What I’ve Tried So Far:

  • Verified that the NVIDIA drivers are up to date.
  • Ensured the NVIDIA Container Toolkit is properly installed and configured.
  • Used the --gpus all flag with Docker to grant GPU access to the container.
  • Tested on both WSL and a dedicated Ubuntu server to rule out environment-specific issues.

Issue Description:

The error seems to occur during the Vulkan instance creation inside the container:

vkCreateInstance error (-9)

This suggests there might be an issue with Vulkan setup or GPU access within the container.

Request for Assistance:

Has anyone experienced a similar issue or can provide guidance on how to resolve this error?

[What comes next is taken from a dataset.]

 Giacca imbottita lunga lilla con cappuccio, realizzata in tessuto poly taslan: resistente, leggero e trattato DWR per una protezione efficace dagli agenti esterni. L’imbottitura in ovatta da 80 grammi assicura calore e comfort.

I’m wondering if there’s a compatibility issue with the RTX 4070 or a misconfiguration that I’m overlooking.

Any insights or suggestions would be greatly appreciated!

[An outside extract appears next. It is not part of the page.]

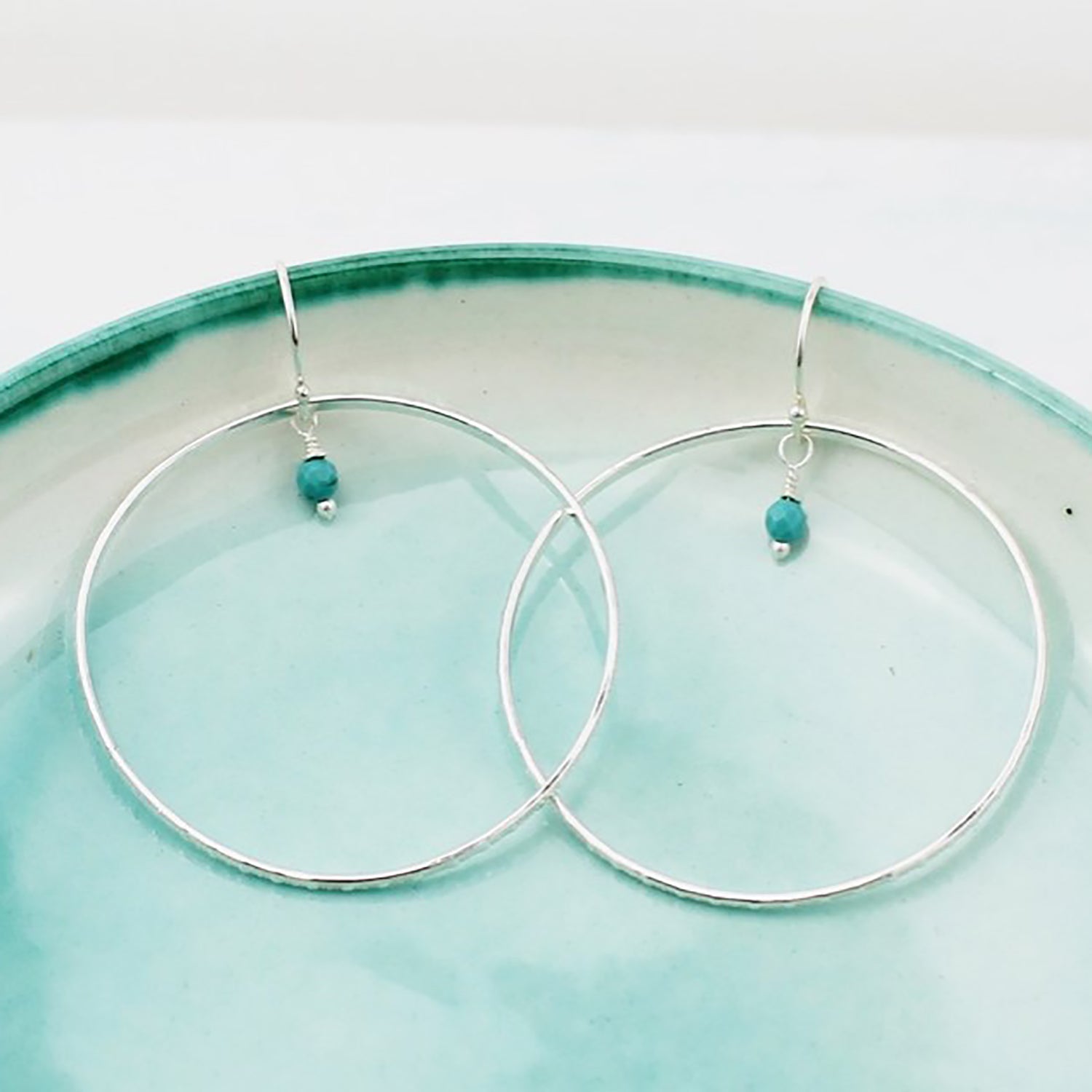 Handmade Sterling Silver Celestial Hoop Earrings featuring a tiny Turquoise bead. The edge of the hoop has been textured with a delicate pattern.

Thank you in advance for your help!

Best regards,

DECODED

3 Likes

I am having the same issue, any help?

Ubuntu: 22.04
Driver Version: 535.183.06
CUDA Version: 12.2
vulkan-tools installed

More info:

sudo docker run -it --rm --gpus all --network=host --name anim-graph-ms -v /home/eus/default-avatar-scene_v1.0.0:/home/ace/asset nvcr.io/eevaigoeixww/animation/ia-animation-graph-microservice:1.0.1

+ ldconfig -p
+ grep libGLX_nvidia.so.0
        libGLX_nvidia.so.0 (libc6,x86-64) => /usr/lib/x86_64-linux-gnu/libGLX_nvidia.so.0
        libGLX_nvidia.so.0 (libc6) => /usr/lib/i386-linux-gnu/libGLX_nvidia.so.0
+ [[ -v NOTFOUND ]]
+ export VK_ICD_FILENAMES=/tmp/nvidia_icd.json
+ VK_ICD_FILENAMES=/tmp/nvidia_icd.json
+ export LD_LIBRARY_PATH=:/usr/local/nvidia/lib:/usr/local/nvidia/lib64:/opt/nvidia/omniverse/kit-sdk-launcher/plugins/carb_gfx
+ LD_LIBRARY_PATH=:/usr/local/nvidia/lib:/usr/local/nvidia/lib64:/opt/nvidia/omniverse/kit-sdk-launcher/plugins/carb_gfx
+ /opt/nvidia/omniverse/vkapiversion/bin/vkapiversion /tmp/nvidia_icd.json
Writing disposable ICD file (/tmp/tmp_icd_2cb3WU.json)...
vkCreateInstance error (-9)

I have another issue. We see that i have installed NVIDIA Container Toolkit. But we have another error with GPU

stefan@tul-pryanik:~$ sudo dpkg -l | grep nvidia-container-toolkit
ii  nvidia-container-toolkit               1.16.1-1                                amd64        NVIDIA Container toolkit
ii  nvidia-container-toolkit-base          1.16.1-1                                amd64        NVIDIA Container Toolkit Base
stefan@tul-pryanik:~$ docker run -it --rm --runtime nvidia --network=host --name anim-graph-ms -v $(pwd)/default-avatar-scene_v1.0.0:/home/ace/asset nvcr.io/eevaigoeixww/animation/ia-animation-graph-microservice:1.0.1
+ ldconfig -p
+ grep libGLX_nvidia.so.0
+ NOTFOUND=1
+ [[ -v NOTFOUND ]]
+ cat

Fatal Error: Can't find libGLX_nvidia.so.0...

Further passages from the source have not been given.